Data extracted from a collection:
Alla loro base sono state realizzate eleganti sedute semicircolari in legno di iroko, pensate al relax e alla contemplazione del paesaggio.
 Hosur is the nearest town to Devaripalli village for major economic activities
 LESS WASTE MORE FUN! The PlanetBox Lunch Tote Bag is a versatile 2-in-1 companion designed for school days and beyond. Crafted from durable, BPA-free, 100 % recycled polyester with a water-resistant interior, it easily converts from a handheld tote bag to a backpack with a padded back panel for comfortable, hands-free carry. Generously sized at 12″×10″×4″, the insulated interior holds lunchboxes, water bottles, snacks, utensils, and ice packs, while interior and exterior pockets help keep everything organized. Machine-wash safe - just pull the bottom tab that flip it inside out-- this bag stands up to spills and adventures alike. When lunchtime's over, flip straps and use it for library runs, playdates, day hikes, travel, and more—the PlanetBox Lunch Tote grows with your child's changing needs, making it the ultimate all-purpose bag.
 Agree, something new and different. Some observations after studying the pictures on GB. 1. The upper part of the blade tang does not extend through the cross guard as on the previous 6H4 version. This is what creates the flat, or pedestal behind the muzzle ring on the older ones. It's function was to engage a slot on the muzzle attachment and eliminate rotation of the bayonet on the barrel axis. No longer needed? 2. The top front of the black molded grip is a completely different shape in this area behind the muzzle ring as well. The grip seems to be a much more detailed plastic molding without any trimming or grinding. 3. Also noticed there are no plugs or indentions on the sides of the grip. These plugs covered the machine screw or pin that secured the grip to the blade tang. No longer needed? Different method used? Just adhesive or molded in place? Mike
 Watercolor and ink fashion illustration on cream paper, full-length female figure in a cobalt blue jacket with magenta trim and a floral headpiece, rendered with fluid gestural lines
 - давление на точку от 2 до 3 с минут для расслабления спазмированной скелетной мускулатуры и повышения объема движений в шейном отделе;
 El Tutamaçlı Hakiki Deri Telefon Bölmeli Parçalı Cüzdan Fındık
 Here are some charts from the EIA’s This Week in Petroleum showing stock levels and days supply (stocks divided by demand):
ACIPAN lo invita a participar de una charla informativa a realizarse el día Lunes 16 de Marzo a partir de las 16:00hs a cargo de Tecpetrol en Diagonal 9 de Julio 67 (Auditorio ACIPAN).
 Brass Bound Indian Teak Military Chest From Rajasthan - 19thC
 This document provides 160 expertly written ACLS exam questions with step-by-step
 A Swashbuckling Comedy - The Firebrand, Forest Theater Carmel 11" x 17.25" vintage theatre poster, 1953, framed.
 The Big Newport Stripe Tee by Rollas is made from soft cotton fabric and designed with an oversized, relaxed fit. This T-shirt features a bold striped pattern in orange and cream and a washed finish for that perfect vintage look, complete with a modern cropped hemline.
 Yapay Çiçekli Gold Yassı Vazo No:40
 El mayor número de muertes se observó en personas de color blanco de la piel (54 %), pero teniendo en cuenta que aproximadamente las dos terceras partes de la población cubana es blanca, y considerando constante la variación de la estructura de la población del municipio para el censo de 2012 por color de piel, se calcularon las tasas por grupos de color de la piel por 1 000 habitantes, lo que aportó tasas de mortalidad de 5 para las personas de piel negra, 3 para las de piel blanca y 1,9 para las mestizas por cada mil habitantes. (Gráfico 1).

__About this task__
The output is every entry, printed exactly as it reads.

__Expected output__
Alla loro base sono state realizzate eleganti sedute semicircolari in legno di iroko, pensate al relax e alla contemplazione del paesaggio.
 Hosur is the nearest town to Devaripalli village for major economic activities
 LESS WASTE MORE FUN! The PlanetBox Lunch Tote Bag is a versatile 2-in-1 companion designed for school days and beyond. Crafted from durable, BPA-free, 100 % recycled polyester with a water-resistant interior, it easily converts from a handheld tote bag to a backpack with a padded back panel for comfortable, hands-free carry. Generously sized at 12″×10″×4″, the insulated interior holds lunchboxes, water bottles, snacks, utensils, and ice packs, while interior and exterior pockets help keep everything organized. Machine-wash safe - just pull the bottom tab that flip it inside out-- this bag stands up to spills and adventures alike. When lunchtime's over, flip straps and use it for library runs, playdates, day hikes, travel, and more—the PlanetBox Lunch Tote grows with your child's changing needs, making it the ultimate all-purpose bag.
 Agree, something new and different. Some observations after studying the pictures on GB. 1. The upper part of the blade tang does not extend through the cross guard as on the previous 6H4 version. This is what creates the flat, or pedestal behind the muzzle ring on the older ones. It's function was to engage a slot on the muzzle attachment and eliminate rotation of the bayonet on the barrel axis. No longer needed? 2. The top front of the black molded grip is a completely different shape in this area behind the muzzle ring as well. The grip seems to be a much more detailed plastic molding without any trimming or grinding. 3. Also noticed there are no plugs or indentions on the sides of the grip. These plugs covered the machine screw or pin that secured the grip to the blade tang. No longer needed? Different method used? Just adhesive or molded in place? Mike
 Watercolor and ink fashion illustration on cream paper, full-length female figure in a cobalt blue jacket with magenta trim and a floral headpiece, rendered with fluid gestural lines
 - давление на точку от 2 до 3 с минут для расслабления спазмированной скелетной мускулатуры и повышения объема движений в шейном отделе;
 El Tutamaçlı Hakiki Deri Telefon Bölmeli Parçalı Cüzdan Fındık
 Here are some charts from the EIA’s This Week in Petroleum showing stock levels and days supply (stocks divided by demand):
ACIPAN lo invita a participar de una charla informativa a realizarse el día Lunes 16 de Marzo a partir de las 16:00hs a cargo de Tecpetrol en Diagonal 9 de Julio 67 (Auditorio ACIPAN).
 Brass Bound Indian Teak Military Chest From Rajasthan - 19thC
 This document provides 160 expertly written ACLS exam questions with step-by-step
 A Swashbuckling Comedy - The Firebrand, Forest Theater Carmel 11" x 17.25" vintage theatre poster, 1953, framed.
 The Big Newport Stripe Tee by Rollas is made from soft cotton fabric and designed with an oversized, relaxed fit. This T-shirt features a bold striped pattern in orange and cream and a washed finish for that perfect vintage look, complete with a modern cropped hemline.
 Yapay Çiçekli Gold Yassı Vazo No:40
 El mayor número de muertes se observó en personas de color blanco de la piel (54 %), pero teniendo en cuenta que aproximadamente las dos terceras partes de la población cubana es blanca, y considerando constante la variación de la estructura de la población del municipio para el censo de 2012 por color de piel, se calcularon las tasas por grupos de color de la piel por 1 000 habitantes, lo que aportó tasas de mortalidad de 5 para las personas de piel negra, 3 para las de piel blanca y 1,9 para las mestizas por cada mil habitantes. (Gráfico 1).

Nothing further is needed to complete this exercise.